Hypergraph accessibility audit
Cultural and individual differences of any kind should not make it harder to use software or technology in your everyday lives. Regretfully, it still very much does, as the default is that of an able-bodied white man in an overdeveloped country. We live in an ableist, sexist, racist, and colonialized system that takes this as the default experience and builds for it, despite those experiences not being worth more than anybody else's.
Take for example, the experiences of disabled people. Experiences on the computer are highly designed for people with visual acuity and motor capabilities. We can all be hit with a disability rather abruptly in our lives, which is likely to make the things we take for granted much harder. It takes only one accident, disease, or the manifestation of a latent issue that's already there. We are able-bodied, until we are not.
We recognise that Liberate Science is non-diverse: we are able-bodied, mostly man, mostly white, and come from a historically privileged position. This means we have blindspots when we do our work because of our lived experiences that are closer to the default in many ways. This means that we have a responsibility towards our fellow humans from all walks of life and do our best to empathise and build for their experiences.
To take our responsibility, we did an in-house accessibility audit before our public beta release, and share our findings to recognise our shortcomings. All of these things will be addressed before we leave beta, because accessibility is not an afterthought to us.
Using the A11y checklist for web accessibility, we audited Hypergraph (v0.5.4; see our complete audit table here). This checklist provides a way to go through (Web) applications systematically, covering things like visual contrasts all the way through code structure of the pages.
Our key findings provide clear and practical improvements:
- We have no alternative texts throughout Hypergraph, which will make it difficult to navigate using voice assist (see below).
- The page structure is set up visually, but the code does not provide the clearest differentiation for humans. For example, our heading levels are not consistently used to provide document structure.
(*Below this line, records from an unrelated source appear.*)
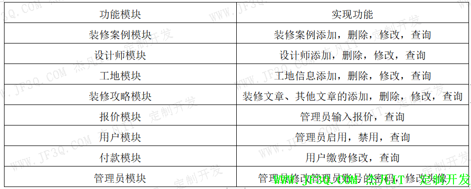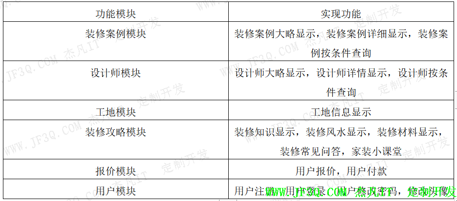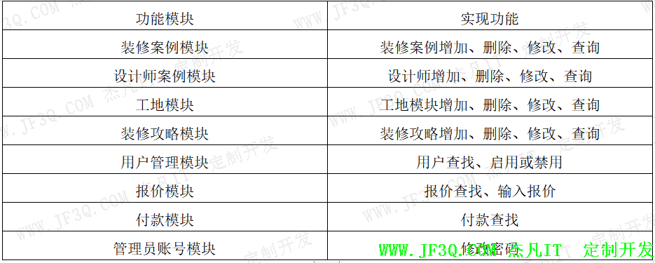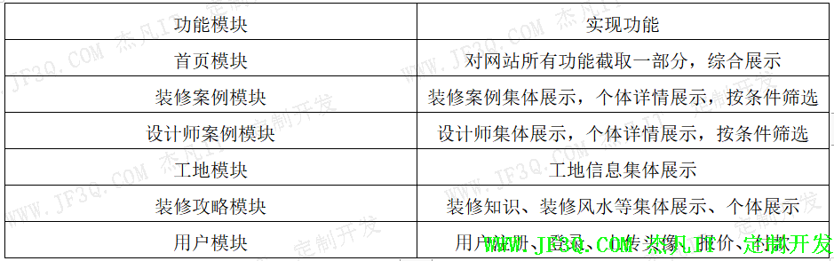 本文经过对绿局装修网站系统的需求分析,将整个系统分为两部分,前台展示系统和后台管理系统。前台系统主要是为访问者提供浏览界面,后台系统是管理员管理和维护本网站的界面。因此,针对该公司网站的需求进行解析,设计的这个网站,定义了以下功能。详情见表3-1绿居装修网站前台功能需求分析,表3-2绿居装修网站后台功能需求分析。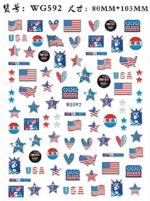 Nail Sticker 4th Of July American Flag WG592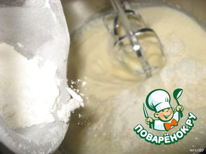 Муку (1 стакан) просеиваем, чтобы обогатить кислородом, с разрыхлителем и ванилином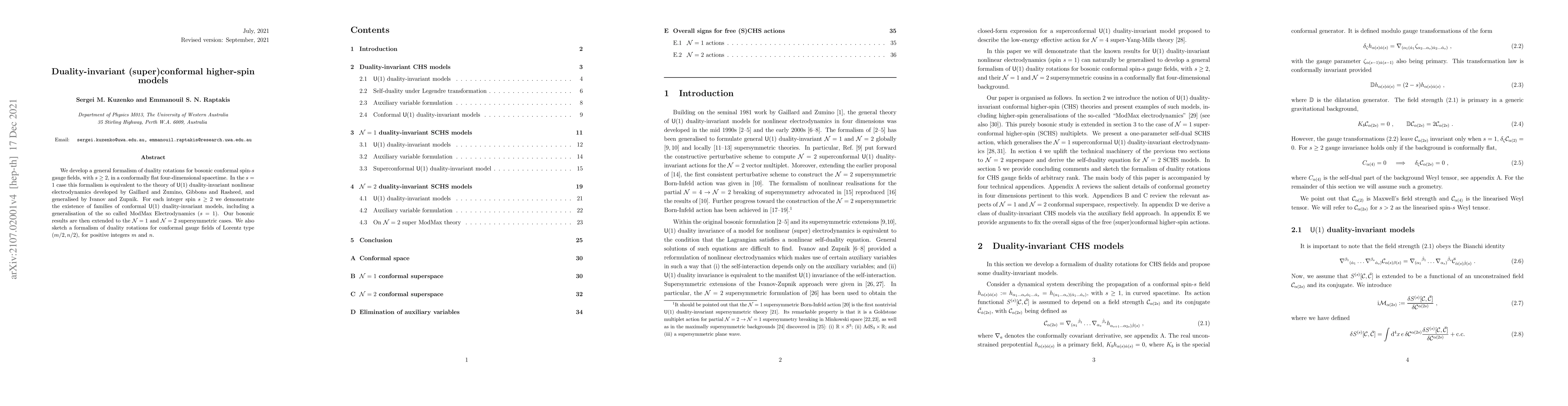 We develop a general formalism of duality rotations for bosonic conformal spin-$s$ gauge fields, with $s\geq 2$, in a conformally flat four-dimensional spacetime. In the $s=1$ case this formalism is equivalent to the theory of $\mathsf{U}(1)$ duality-invariant nonlinear electrodynamics developed by Gaillard and Zumino, Gibbons and Rasheed, and generalised by Ivanov and Zupnik. For each integer spin $s\geq 2$ we demonstrate the existence of families of conformal $\mathsf{U}(1)$ duality-invariant models, including a generalisation of the so called ModMax Electrodynamics ($s=1$). Our bosonic results are then extended to the $\mathcal{N}=1$ and $\mathcal{N}=2$ supersymmetric cases. We also sketch a formalism of duality rotations for conformal gauge fields of Lorentz type $(m/2, n/2)$, for positive integers $m $ and $n$.

- Our form validation and errors need to be improved by being less color indicated (visual) and more explicit (text).
- Our pages and sections do not indicate what language it is in, and does not allow for Right-to-Left (RTL) languages to be displayed.
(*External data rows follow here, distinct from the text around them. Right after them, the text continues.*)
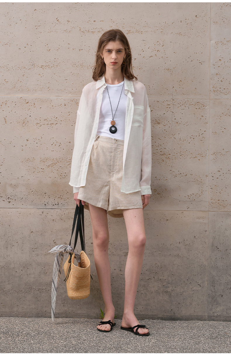 순수 모시 셔츠 고급 여성용 2026 봄 여름 프렌치 스타일 자외선 차단 셔츠 루즈핏 카디건 라펠 긴팔 얇은 셔츠스토어 가기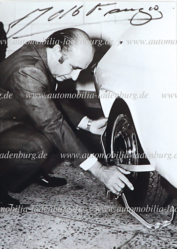 Handsignierte original s/w Aufnahme von Juan Manuel Fangio, Fangio machte hier Werbung für Hans Herrmanns „Snowgrip“, 18x13cm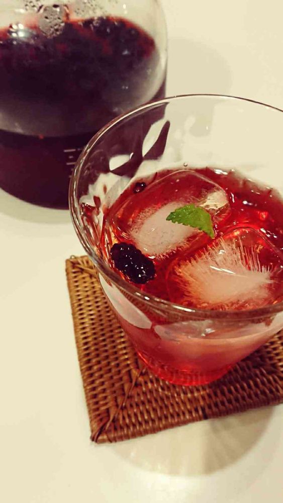 色キレイです〜。すずさん、その後、もっと完熟の真っ黒のクワを収穫したら甘くておいしかったです! なので、氷砂糖ないバージョンのクワ酒も作成中です!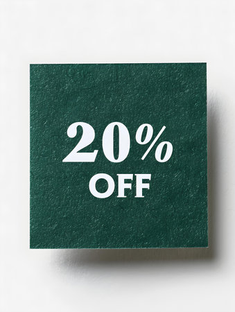 White '20% OFF' Text on a Dark Green Square Paper Note. White background with copy space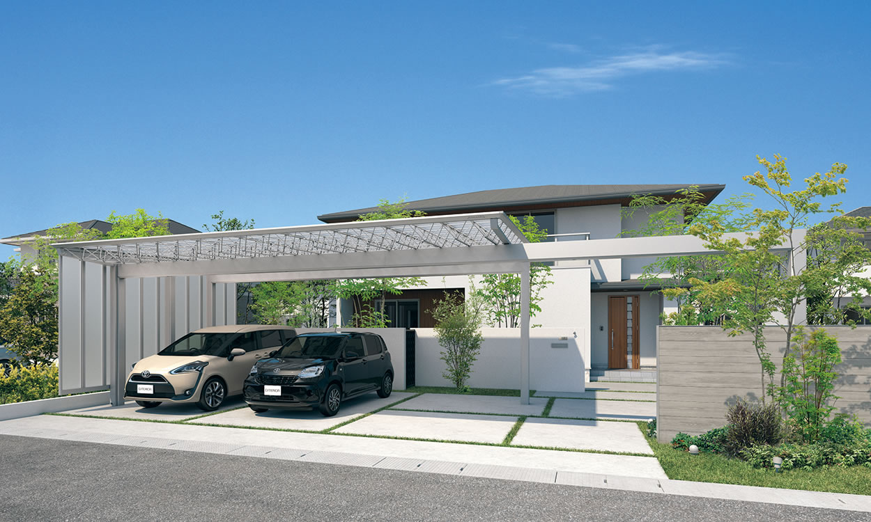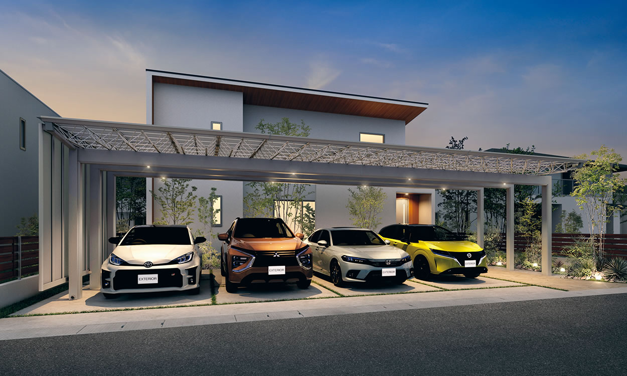 最大4台入庫が可能な間口10mの大型スタイルで、住まいの前面スペースをカバーしたプランです。迫力の屋根サイズに繊細なトラスが空間をモダンに演出。出庫時には魅力のオープンスペースとして用途も多彩です。

The A11y checklist has proven very helpful, but also abstract and alienated from the experiences whose needs we try to serve. In order to try to empathize better with those experiences, we tried to use Hypergraph with special color displays and voice assist to discover additional improvements.
One in twenty men are red-green colorblind, and there are many other visual impairments across people. To make sure that the visual designs are accessible across different visual spaces, we tested the designs using the various macOS color spaces. These screenshots indicate we do quite well, although there is some room for improvement regarding the consistency of colors across the design, as the inverted screen showcases.
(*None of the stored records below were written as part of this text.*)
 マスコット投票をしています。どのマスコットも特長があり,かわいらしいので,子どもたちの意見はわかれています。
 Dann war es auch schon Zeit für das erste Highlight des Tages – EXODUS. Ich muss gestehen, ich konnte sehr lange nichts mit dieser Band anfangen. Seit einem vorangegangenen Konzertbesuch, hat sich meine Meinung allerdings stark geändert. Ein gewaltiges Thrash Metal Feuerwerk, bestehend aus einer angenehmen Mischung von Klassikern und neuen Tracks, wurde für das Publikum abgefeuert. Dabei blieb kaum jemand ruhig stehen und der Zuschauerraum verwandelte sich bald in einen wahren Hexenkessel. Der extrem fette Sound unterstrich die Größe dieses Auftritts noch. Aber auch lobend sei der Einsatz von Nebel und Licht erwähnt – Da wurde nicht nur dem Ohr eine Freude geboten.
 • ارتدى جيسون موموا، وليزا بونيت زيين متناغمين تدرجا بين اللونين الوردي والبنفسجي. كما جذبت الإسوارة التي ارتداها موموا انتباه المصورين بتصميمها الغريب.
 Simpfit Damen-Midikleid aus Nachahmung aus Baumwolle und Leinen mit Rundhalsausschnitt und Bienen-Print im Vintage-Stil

With the macOS VoiceOver tool, Hypergraph became difficult to use. We tried to use Hypergraph with our eyes closed and attempted to create a profile, add content, and add it to our Hypergraph profile. Using our visual memory of the application, we succeeded. Without it, we clearly would not have.
The test of voice assist highlighted the lack of alternative texts for some buttons. For example, we could not add content to Hypergraph if we had not known its location by heart (the voice assist read
link index.html — hardly comprehensible). Also, filling out the content form was difficult because of the lack of alternative text that described the functions of the various buttons and boxes.
Ultimately, adding a next research step was impossible through just voice assist and keyboard navigation within Hypergraph. This means that a core functionality is at this moment not available to those who cannot use Hypergraph visually, and that is insufficient.
The ally checklist provided us with concrete improvements in how we structure the Hypergraph pages that will help improve accessibility. It also informed us that our visual design is quite accessible. The accessibility tests using voice assist and the colour adjustments highlighted that there are some inconsistencies in background colour, and that the application is unusable without visual aids at the moment.